That's because he made it. His heel came around. James suggested to Nike that the company concoct a special built-up shoe for his right foot: He passed his English test.
Cruz put on the green and yellow of Oregon, becoming the most spectacular walk-on there since Otis Davis, also a converted basketball player, won the 1960 Olympic 400 meters. When it came to the question of who would guide Cruz, Oregon coach Bill Dellinger, the Olympic bronze medalist at 5,000 meters in 1964, insisted on no pride of place. "Hey," says Dellinger, "it was unique. We didn't choose him. He and Luiz chose Oregon. There's no way I'm going to say, 'Well, you can come but you have to be coached by me.' " Though he is still very much in school, Cruz has decided not to run for the Oregon team next season. His training schedule is geared for a late summer peak, and NCAA rules don't allow him to have a shoe contract, which is what he needs to move his mother and sisters into a better house in Brasilia and get treatment for a 5-year-old nephew who is deaf. Faced with this, Dellinger was equally understanding: "People wail to me that we only had him for two years, but I say this man did more in two years here than anyone else in a lifetime."

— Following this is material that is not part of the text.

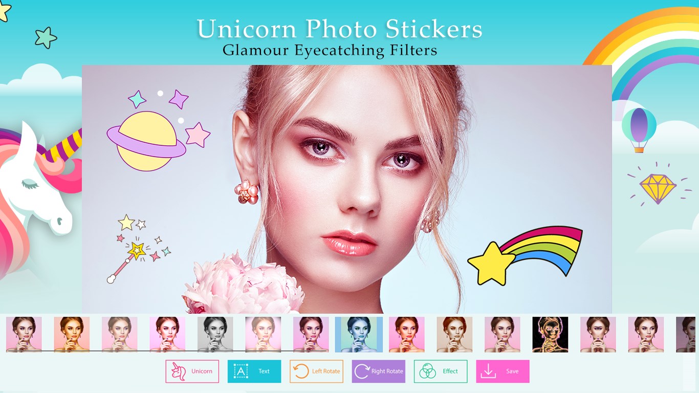 Get this latest Unicorn Photo stickers cute Photo Editor app in your mobile/PC, to edit photo with adding cute unicorn stickers, pony photo, baby unicorn emojis, and unicorn cupcakes. Take selfie using sweet camera editor and edit it with special pink unicorns for girls who are a selfie lover.

Cruz's training in 1983 was designed simply to return him to full strength. Still, he won the NCAA 800 in 1:44.91.
"I took 45 days to rest, and to think, too," he says. "It was time to take something seriously, to be somebody. And I knew that, but when I thought of it, I was afraid. I worried about celebrity and the press, about being used. I weighed it all. And just before I started working out. I swore to myself, 'O.K., this is what I want and am going to get.' Then I worked very carefully not to get hurt. When you want something in the way I did, nothing will put you off. I had bad days, when I was crying as I did my workouts, but I kept in my mind what it was for. I learned that track isn't hard. Training is hard."

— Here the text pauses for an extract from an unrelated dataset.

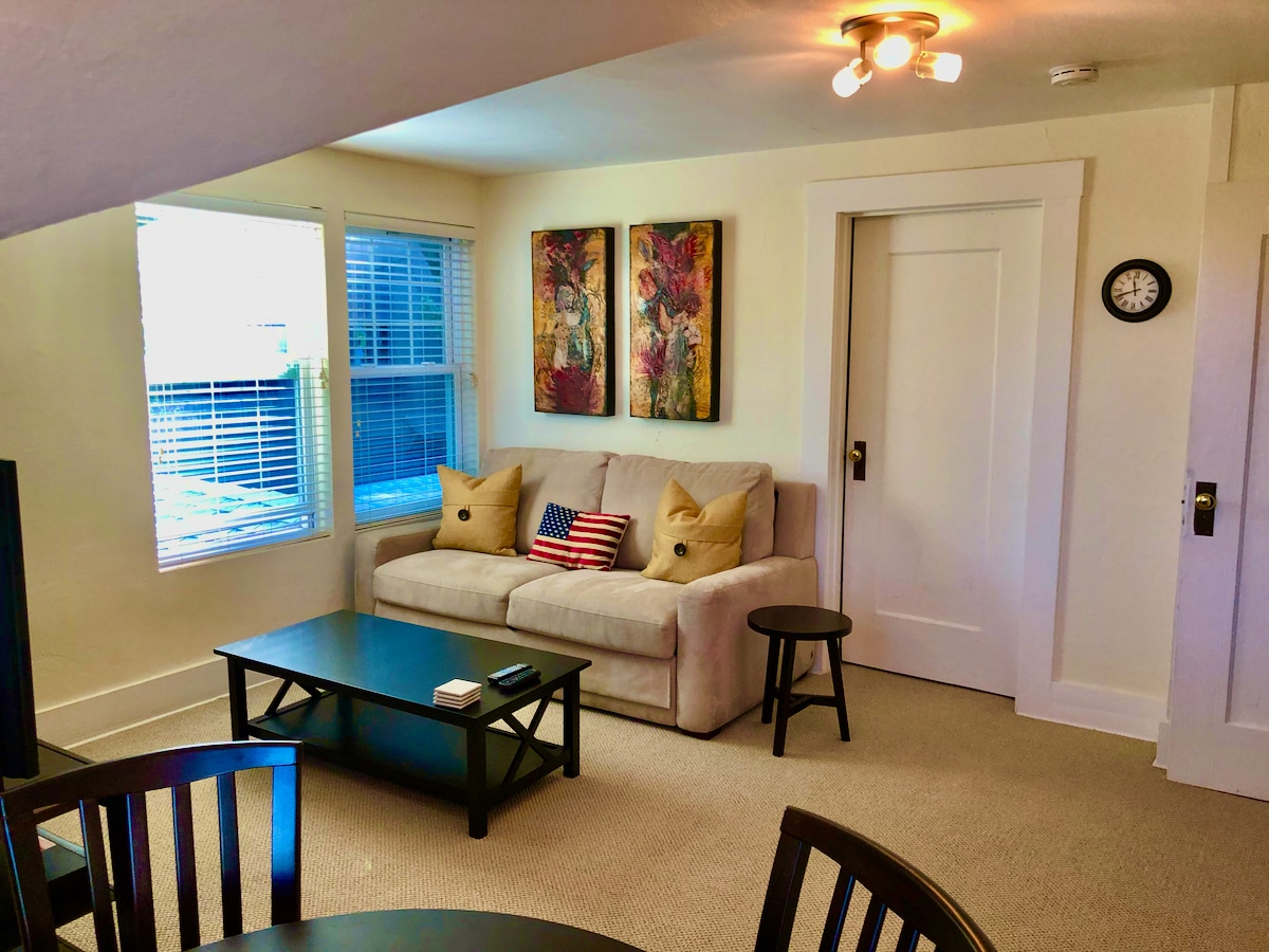 PLEASE CHECK CALENDAR TO SEE IF YOUR DATE IS AVAILABLE. Thanks! NEWLY RENOVATED!!! Furnished comfortable 1 bedroom apartment two blocks from beautiful downtown Mill Valley, just north of San Francisco. The quaint town offers gourmet restaurants, the Mill Valley Outdoor Art Club, cafes, shopping, trail heads and a movie theater. The apartment is located in a walkable flat area, but also steps away from great hiking and biking. There is plentiful free and safe parking on the street.

In the fall, de Oliveira had him begin with two-hour sessions of constant running interspersed with jumping and gymnastics. In the winter he did long-distance runs, weightlifting, mountain running, intervals, fartlek, uphills, speed drills, tempo runs and circuit training (a series of exercises done at stations beside a trail, sprinting from one station to the next, which Cruz associates with nausea).
De Oliveira has advanced the state of his art by looking hard at the essence of middle-distance running: An athlete burns more oxygen during a race than he can take in. He has devised some fiendish ways to "defend against oxygen debt," as he puts it. The most dramatic and dizzying is training by holding your breath.

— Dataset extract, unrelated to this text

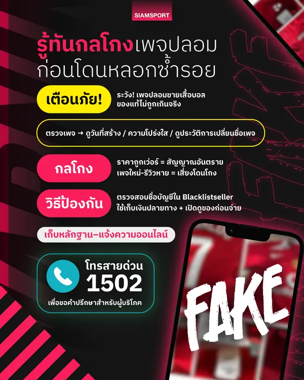 การเป็นแฟนบอลที่ดี ไม่เพียงแต่เชียร์ทีมรักในสนามเท่านั้น แต่ยังต้องรอบคอบในการเลือกซื้อสินค้าที่เกี่ยวข้อง เพื่อหลีกเลี่ยงการตกเป็นเหยื่อของเพจปลอมที่กำลังระบาดในช่วงฤดูกาลนี้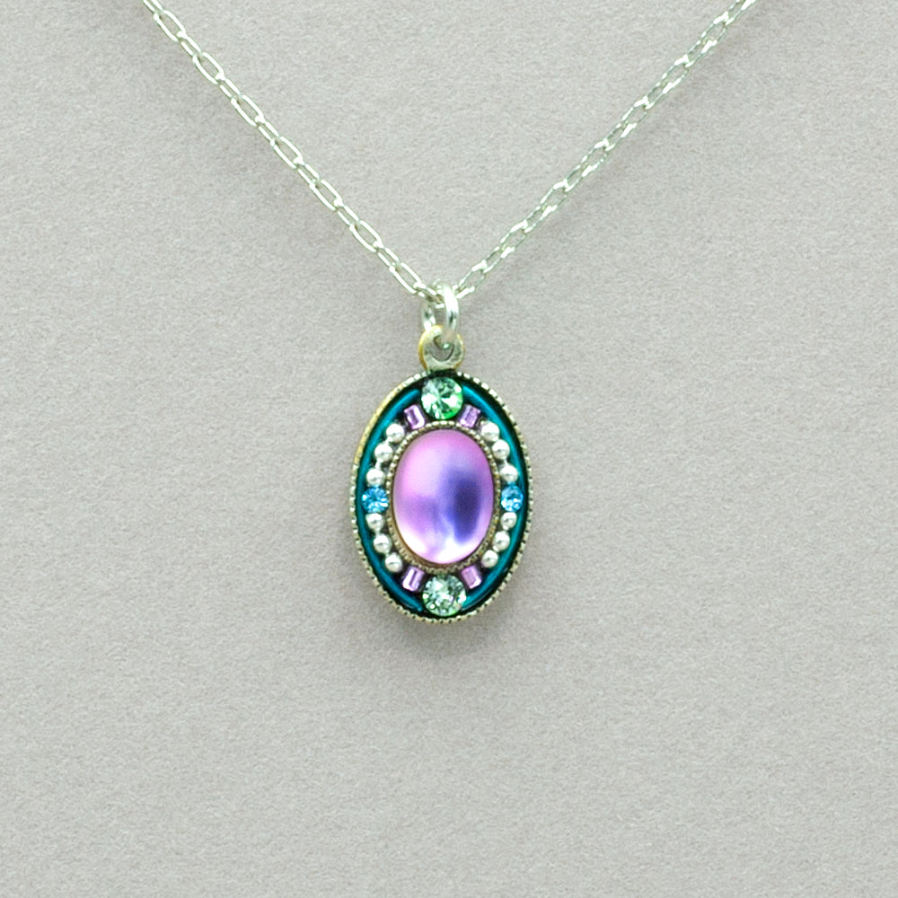 This intricately embellished mosaic necklace is comprised of European glass crystals and various other materials. Adjustable silver plated chain measures: 15 3/4" to 18". ff 9173

"When you do 1:14 pace for 600 meters and you have 200 to run," he says, addressing maybe three people on the planet, because that is 1:39 pace for the 800, "You are going to be in lactic acid distress. This gets you so you don't feel destroyed by it." Cruz holds his breath for distances up to 75 meters in his circuits, and runs 300-meter intervals (in 40 seconds each) without breathing for the last 40 meters.
Cruz arrived at the Olympics in the best shape of his life. The 800 field was one of the most powerful and complete of the Games, unaffected by the boycott. Yet Cruz won his heat and quarterfinal in the extravagant times of 1:45.66 and 1:44.84. In the semifinal, Edwin Koech of Kenya tore ahead and passed the 400 in a flaming 49.6. "I heard '49' and thought. 'A lot of people are going to die here,' " said Cruz. " 'In the last 100 I'll have more left.' "
He did and rolled past Koech to win in 1:43.82, his best ever. Behind him, defending champion Steve Ovett of Great Britain had to dive across the line just to qualify in fourth, in 1:44.81.
Coe, who had won his semifinal in a far less taxing 1:45.51, had watched Cruz's gaudy run. "He's either in supreme physical condition or just a little foolhardy," he said. "If he's both, we'd better all watch out tomorrow."